Against the Spread (ATS)
A team's record judged against the point spread rather than the outright win-loss result.
Against the spread, abbreviated ATS, is a team’s win-loss record measured against the point spread instead of the straight-up result. A standard win-loss record shows how often a team wins games outright; the ATS record shows how often it covers the spread set by oddsmakers. The gap matters to spread bettors, because frequent winners do not necessarily cover frequently.
Oddsmakers price spreads to balance action on both sides. A dominant team wins most games, but the spreads attached usually reflect that dominance. A strong straight-up record can therefore sit alongside a mediocre ATS record when the market prices the team accurately. The reverse also holds: a struggling team can post a solid ATS record when oddsmakers overreact to bad results and hang spreads that are too wide.
Tracking ATS records by situation is core handicapping research. Bettors examine ATS performance as home favorites, road underdogs, in divisional games, after a loss, and in many other splits. These situational trends can expose edges invisible in the straight-up standings.
Example
A football team closes the regular season 10-7 straight up but just 7-10 ATS. So while they won 10 games outright, they covered the spread in only 7 of 17. They were likely favored in many wins by more than their actual margin, making them an unprofitable side to back against the spread despite being a good team. Betting $110 on them to cover every game would have produced 7 wins ($700 profit) and 10 losses ($1,100 loss), a net loss of $400.
Key Points
- ATS differs from straight-up: The ATS record measures performance against the spread, not raw wins and losses.

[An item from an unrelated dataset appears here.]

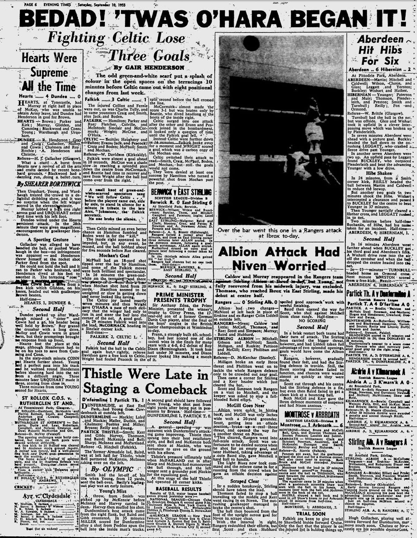 | Sat 10 Sep 1955 Hearts 4 Dundee 0 Sat 10 Sep 1955 Aberdeen 6 Hibernian 2 |
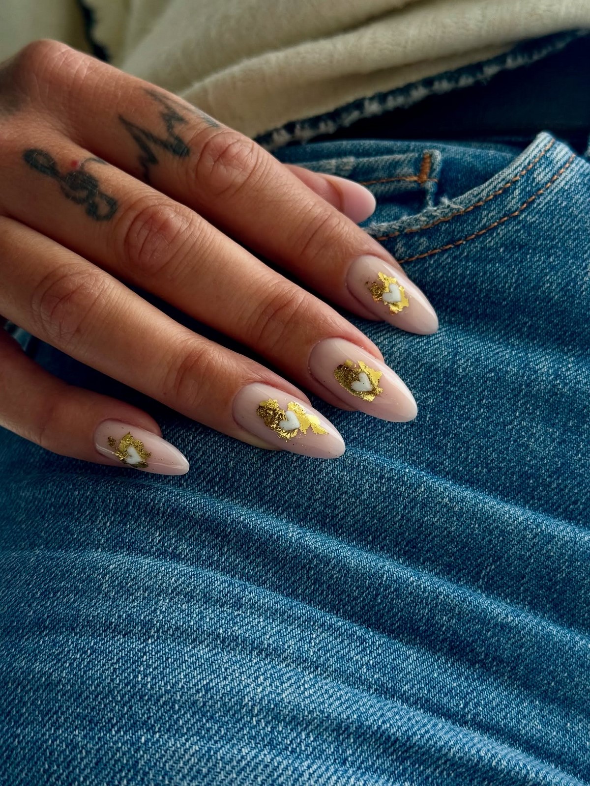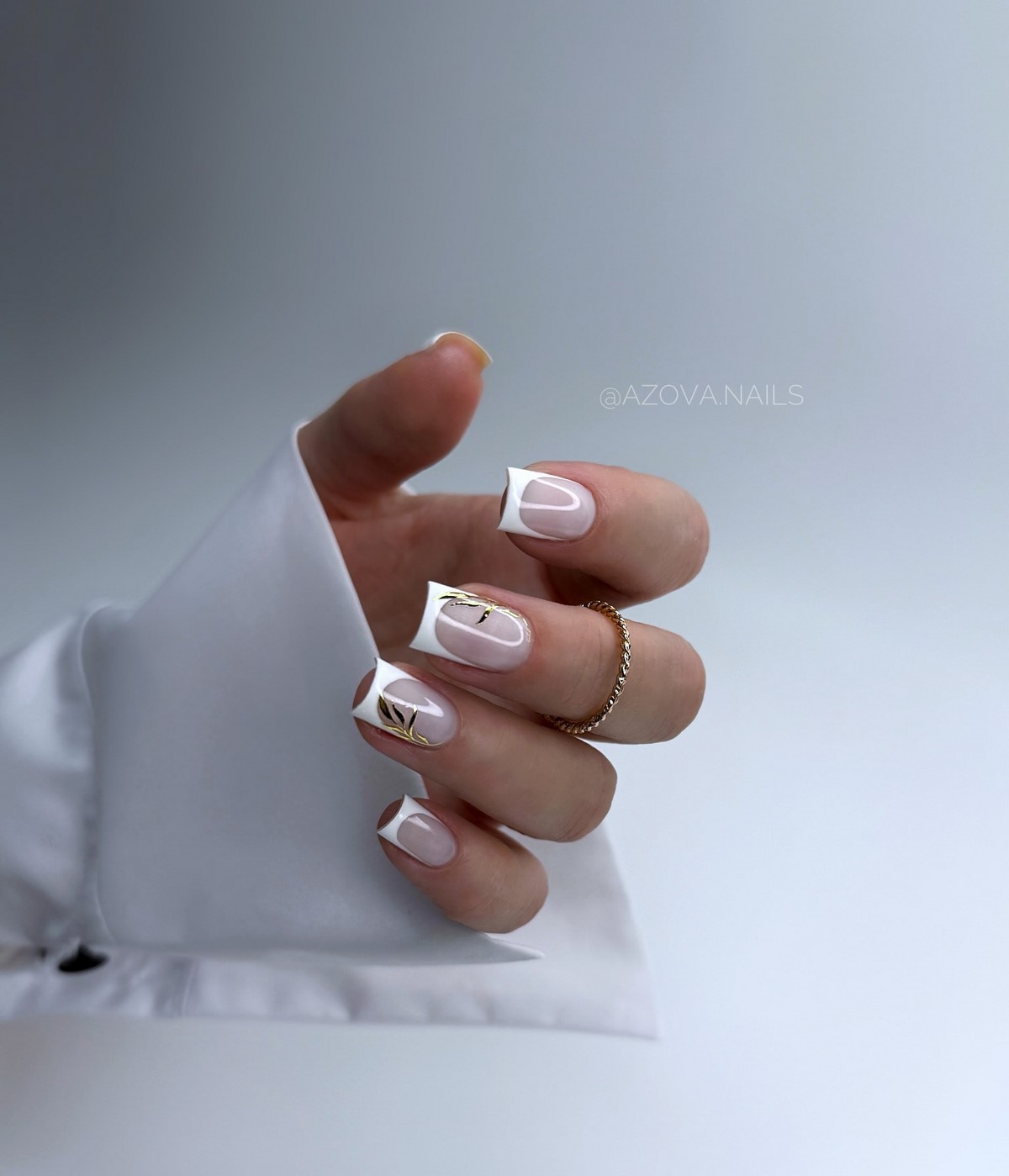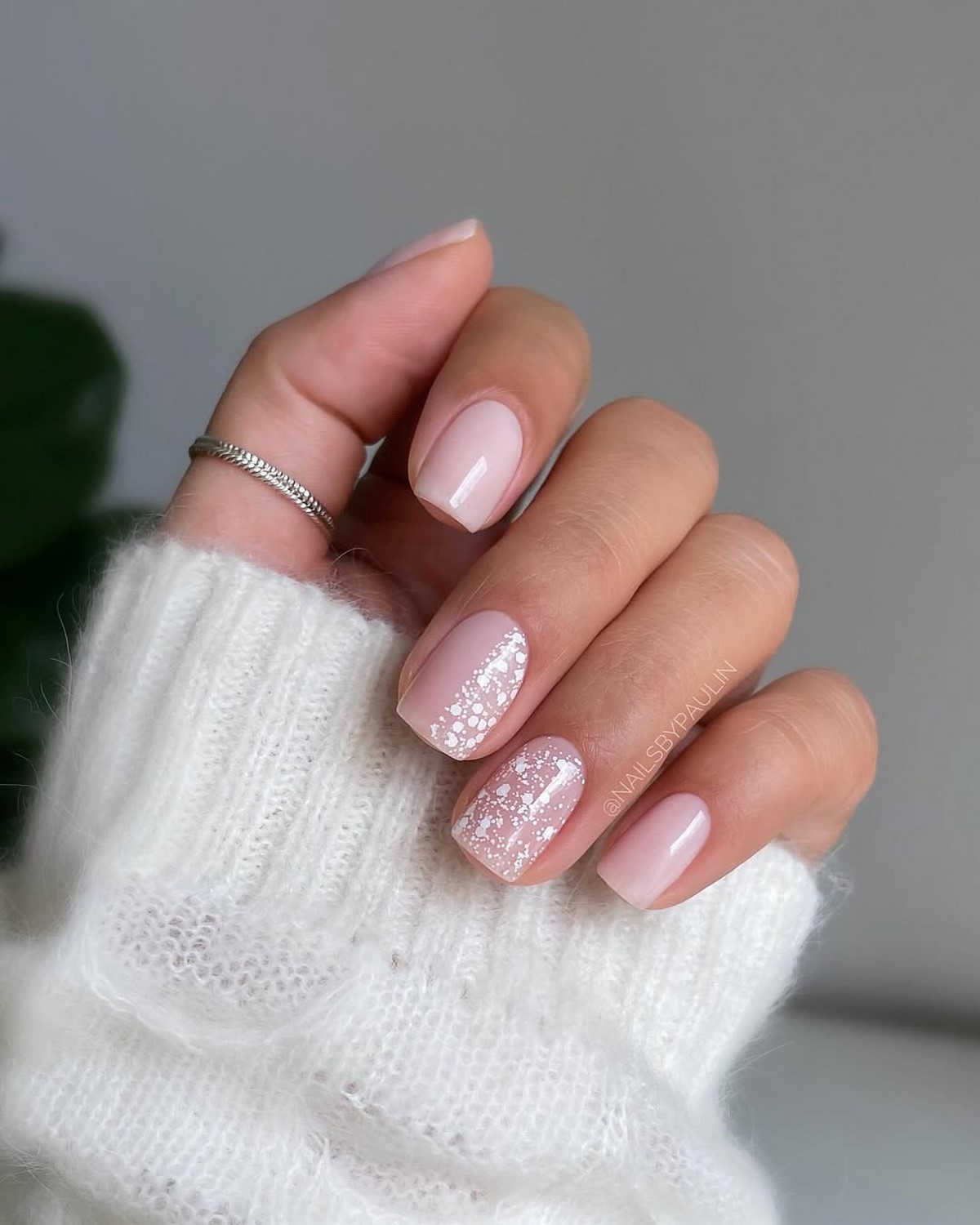 Классический нюдовый маникюр в октябре преображается благодаря акцентам. Бусины, жемчужины и белая паутинка делают его стильным и современным. Такой дизайн подойдет как для офиса, так и для вечерних образов.

- Good teams can be bad ATS: Dominant clubs are often favored by large margins, making consistent covers harder.
- Situational ATS trends are valuable: ATS records by context (home, away, favorite, underdog) can surface profitable angles.
- Pushes are recorded separately: When the final margin equals the spread exactly, the result is a push. ATS records often appear as wins-losses-pushes (e.g., 8-6-2).
- A key research tool: Serious bettors fold ATS data into a broader handicapping model to find market value.